Despite the splash Evonik tried to make, investors yawned at news of the Creavis revamp, sending the firm’s share price up only marginally after it was announced last month. Yet stock analysts are convinced that the company’s overall strategy will deliver financial growth in the coming years. The median prediction among the analysts following Evonik is that the firm’s pretax profit margin will increase from 12.5% in the fourth quarter of 2013 to 16.8% in 2016.

Among its flagship research projects that stretch beyond 2016, Evonik is developing a fermentation process for making laurolactam, a nylon 12 precursor, from palm and other oils. It would replace a 40-year-old petrochemical process that requires five synthetic steps.

Since 2013, the firm has been testing the process in a pilot facility in Slovakia that cost several million dollars. “In the very long term, the process could also use glucose instead of palm kernels,” said Jürgen Herwig, vice president of product and process development for high-performance polymers at Evonik.

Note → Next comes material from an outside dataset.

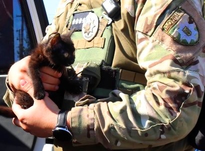 З обстрілюваної російською армією Білозерки поліцейські спільно з волонтерами та місцевою владою евакуювали жінку з трьома дітьми віком від 7 до 13 років. Малеча не могла залишити напризволяще домашнього улюбленця кошеня Мишку, тож і його взяли з собою.

Another strategic project for Evonik is new technology that combines hydrogen with the waste gases carbon monoxide and carbon dioxide to create chemicals. Evonik recently signed a three-year research pact with Illinois-based LanzaTech around waste-gas-based precursors for specialty plastics. The deal gives Evonik access to LanzaTech’s synthetic biology and gas fermentation technology.

Within the space of about five hours—the time it took Evonik to brief journalists about its R&D strategy in Marl—the number on Evonik’s digital display had jumped by about 25,000 to 46,399,226, putting the firm’s materials on track to cut emissions by around 50 million metric tons in 2013.

If Evonik succeeds in cranking up R&D, it will have done so partly by rolling out a greater number of green products and processes. It will be several years before Evonik knows if its R&D restructuring worked, but one indicator will be if those green digits really start to fly.